# Dragonstone Rock Preparation - help



## Colin Wrexham (Mar 24, 2017)

Aqua07 said:


> Hi all:
> 
> I picked up a 6x4 inch piece of "Dragonstone" rock a few days ago - just had the opportunity this weekend to bring it outside and hose it off under a strong stream of water. The rock is letting out brown/orange material, which I assume is clay - it's a softer material.
> 
> ...


Got tons of dragon stone in mine and It also had the clay in the holes. Quick clean and in it went. Been a few months now and its fine. I pushed a few plants in the holes in one tank with no issues either.














Sent from my SM-A310F using Tapatalk


----------



## Aqua07 (Jul 9, 2012)

That is one awesome looking aquascape - great job! I need to pick up a few more pieces of the stone as well.

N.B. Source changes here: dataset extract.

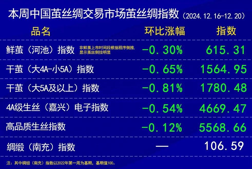同樣,高品質(zhì)生絲指數(shù)同樣有所略收跌,部分干繭絲工廠根據(jù)品質(zhì)穩(wěn)定性繼續(xù)原價銷售,部分干繭絲工廠有所略調(diào)價。

So the stone doesn't let out clay does it? I'm not sure if I can get into all the crevices to get the clay out since some are quite deep within.

Thanks


----------



## Speedo'stanks (Sep 13, 2017)

I do not high-pressure clean dragon stone, as it is very soft and clay-like. Instead, put it in an appropriate size tub with clean and preferably dechlorinated water and dip in in and out of the water a bunch of times from various angles. Be careful not to grab by the holes because it will break, but instead hold it more like a melon and dip it in and out... it will get pretty clean and in my experience.


----------



## Colin Wrexham (Mar 24, 2017)

Aqua07 said:


> That is one awesome looking aquascape - great job! I need to pick up a few more pieces of the stone as well.
> 
> So the stone doesn't let out clay does it? I'm not sure if I can get into all the crevices to get the clay out since some are quite deep within.
> 
> Thanks


Thanks

Should be fine[emoji3]

Sent from my SM-A310F using Tapatalk


----------